This week I am sharing some of my favorite excerpts from contributing writers’ work for the Essays on Childhood project. Contributors range from experienced professional writers to first-time essayists.
Click here to find out how to join us this year! http://essaysonchildhood.com/contact-the-project/
Once I strolled down the beach with my mom when I was a little girl. We were looking for shells after a long day of salty air and strong sun and my eyes were tired. To be honest, I did not really want to be there except my mom and I always looked for shells together and there was nowhere else to go. I kept staring at the grains of sand and could only find thin, cracked shells that had been tossed one too many times in the powerful arms of the ocean.
Although my mom did not want to pick those shells up, I thought they were the most beautiful ones. Their colors were the most vibrant and I imagined that if they could talk, the broken ones would have the most interesting story.
The world you know as a child is the one given you. You move because your parents move. You are from here or from there because your parents tell you so. You grow up in a religious group and are told it began on Pentecost Sunday and you believe this to the point of arguing in fifth grade with Catholics about primacy of origin, utterly ignorant that Campbell and Stone were 19th century Americans and that your particular religious group was born in the hills of Kentucky. Children live and move about in a world presided over by adults. The lucky ones never have to call into question that world, get to bounce about enveloped in love, oblivious to most anything but their wants. We were lucky and parental love covered over many sins.
My childhood began as if on a hot-air balloon ride, and Jess was the flame that thrust me into the clouds. The view from on high was magnificent, and the world looked as it does from dizzying heights: sparkling, orderly, a perfect grid. That fateful November day, my flame died, and I watched my childhood come crashing back down to earth at a paralyzing speed, thrusting me into the mud and the muck so long forgotten. It was years before I had the courage to lift my head and look at the messy, chaotic world around me.

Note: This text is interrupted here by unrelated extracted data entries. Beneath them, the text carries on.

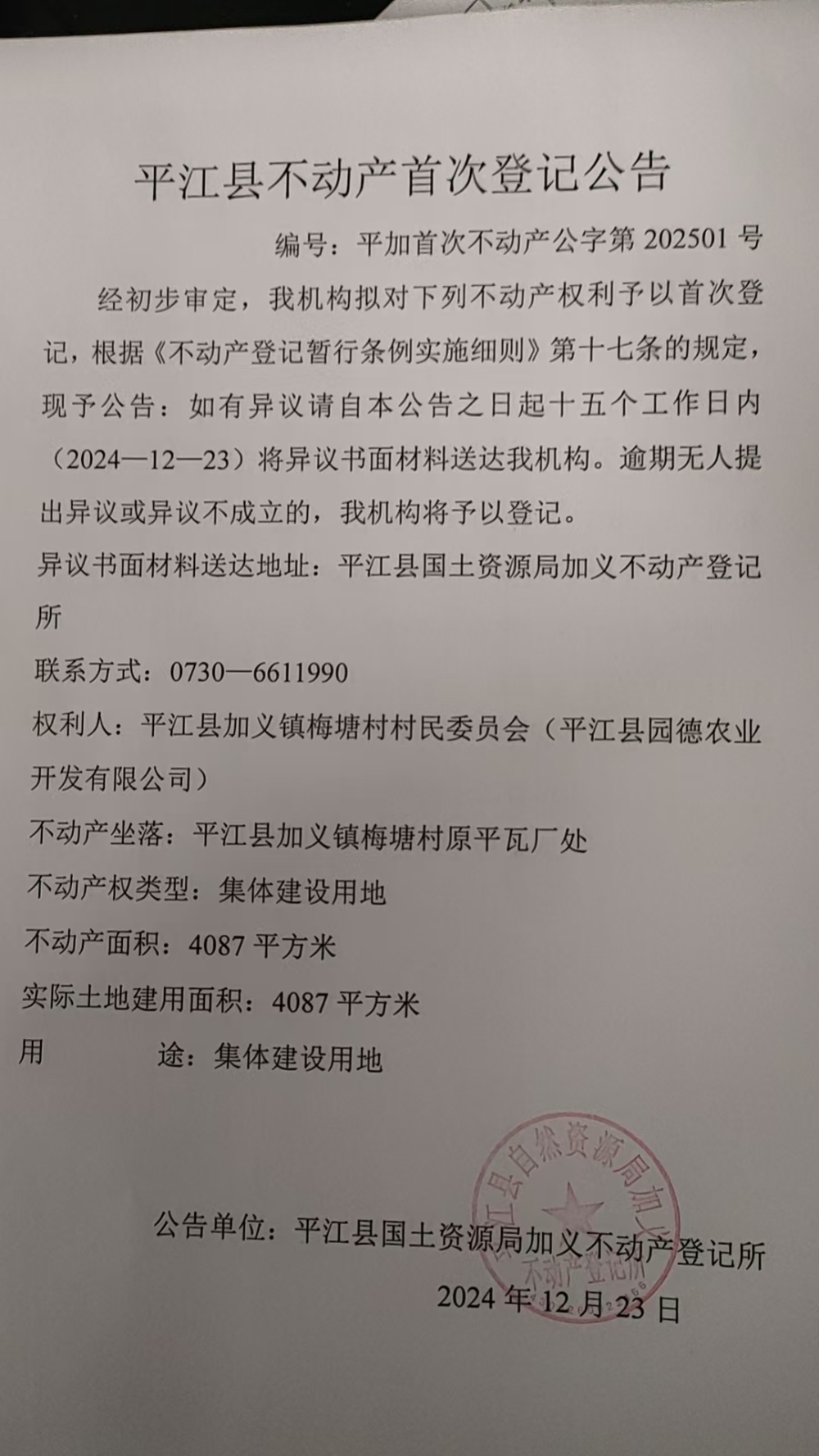 加义镇梅塘村村民委员会(平江县园德农业开发有限公司)集体建设用地使用权登记公告
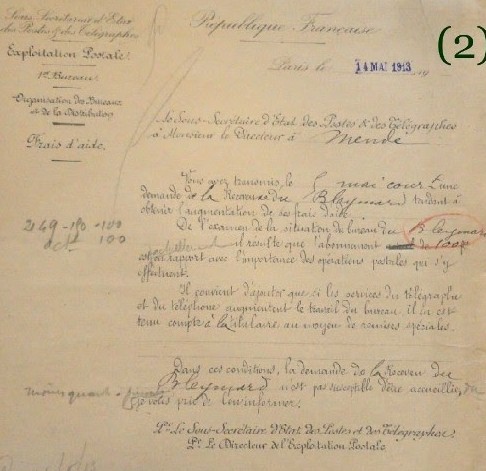 Selon les recoupements que j’ai pu faire, Le Bleymard a été raccordé à la ligne télégraphique Mende – Villefort entre les années 1870 et 1880. Ce service était à la charge des communes ce qui ne manquait pas de générer des réticences. C’est ainsi que le bureau télégraphique de Bagnols à été fermé puis remis en service au cours de la même année (1880).
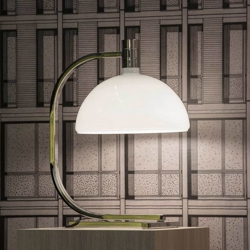 Die AS1C Tischlampe hat ein minimalistisches Design mit verchromtem Sockel und einem Schirm aus weißem Opalglas.
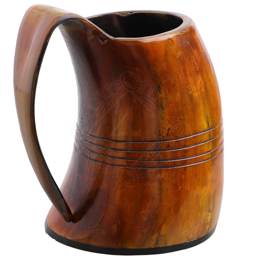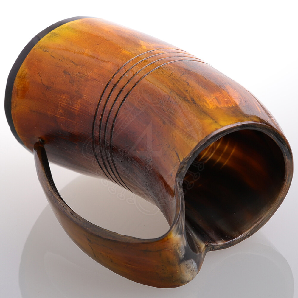 Drinking from horns is an ancient tradition. While classic drinking horns had to be constantly held or placed in stands, the flat-bottomed mug represented a practical evolution. Thanks to its stable base, you can safely set it down on a table without risking spilling your precious drink. This design combines the raw aesthetic of natural horn with the practicality of a modern tankard.
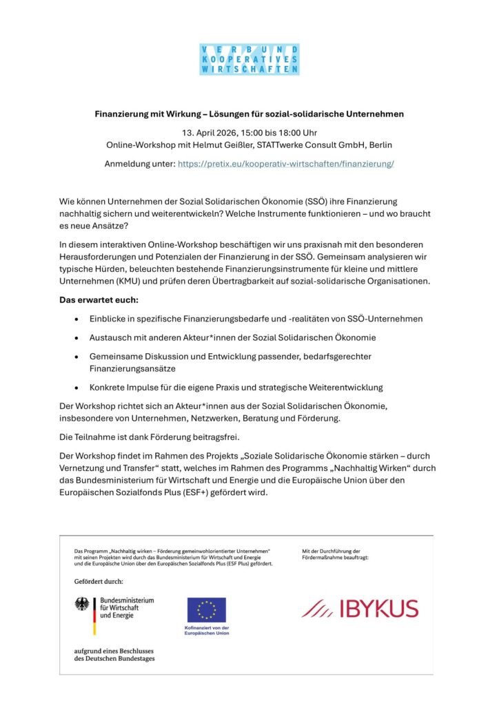 - Wie nutze ich das Netzwerk meines SSÖ-Unternehmens für auf mein Unternehmen abgestimmte Instrumente der Eigenfinanzierung, der Beteiligungsfinanzierung, der Finanzierung durch Investoren (Beispiel: Instrument des / der Investierenden Genossen/in)

These days I don’t have much time to spend with guns. Other things always seem to get in the way. However, my love for shooting has never faltered. To me, there is nothing better than holding that cold metal in your hands and feeling the power released by pulling the trigger. The sound, the smell, the end result of seeing your bullet hit the target is all so amazingly beautiful. Each and every time I am able to go out and shoot, I am reminded of my childhood days. The memories come rushing back to me: I can smell the sweet mountain air of Liberty, West Virginia. I can see Ginger lying on the porch watching us. I feel the happiness of childhood.
Once again, I’m that little girl standing on the wooden porch at the house in Liberty waiting for Dad’s approval on my shot.